=== ACTIVITY ===
The answer must consist solely of the lines below starting at the one containing "5月1日上午,一个外卖订单引" and ending at the one containing "Хетейн Патель за", repeated exactly, with both ends included and all pictures omitted.

=== MATERIAL FOR THIS TASK ===
= = = = =
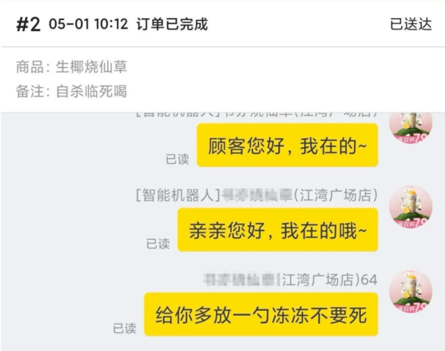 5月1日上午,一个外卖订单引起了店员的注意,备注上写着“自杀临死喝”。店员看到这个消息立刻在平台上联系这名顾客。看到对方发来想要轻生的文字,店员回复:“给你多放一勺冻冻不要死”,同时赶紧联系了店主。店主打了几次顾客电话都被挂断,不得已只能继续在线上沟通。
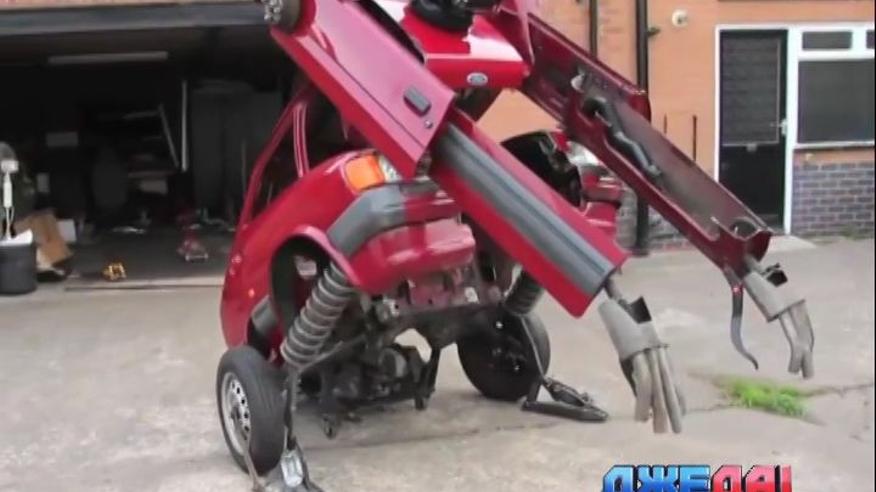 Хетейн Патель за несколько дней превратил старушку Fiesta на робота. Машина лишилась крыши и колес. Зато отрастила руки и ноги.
= = = = =
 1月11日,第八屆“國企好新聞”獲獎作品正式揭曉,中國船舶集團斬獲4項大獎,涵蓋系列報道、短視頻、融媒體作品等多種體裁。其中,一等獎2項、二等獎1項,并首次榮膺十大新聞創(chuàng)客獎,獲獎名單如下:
= = = = =
=== SOLVED PROBLEM ===
 5月1日上午,一个外卖订单引起了店员的注意,备注上写着“自杀临死喝”。店员看到这个消息立刻在平台上联系这名顾客。看到对方发来想要轻生的文字,店员回复:“给你多放一勺冻冻不要死”,同时赶紧联系了店主。店主打了几次顾客电话都被挂断,不得已只能继续在线上沟通。
 Хетейн Патель за несколько дней превратил старушку Fiesta на робота. Машина лишилась крыши и колес. Зато отрастила руки и ноги.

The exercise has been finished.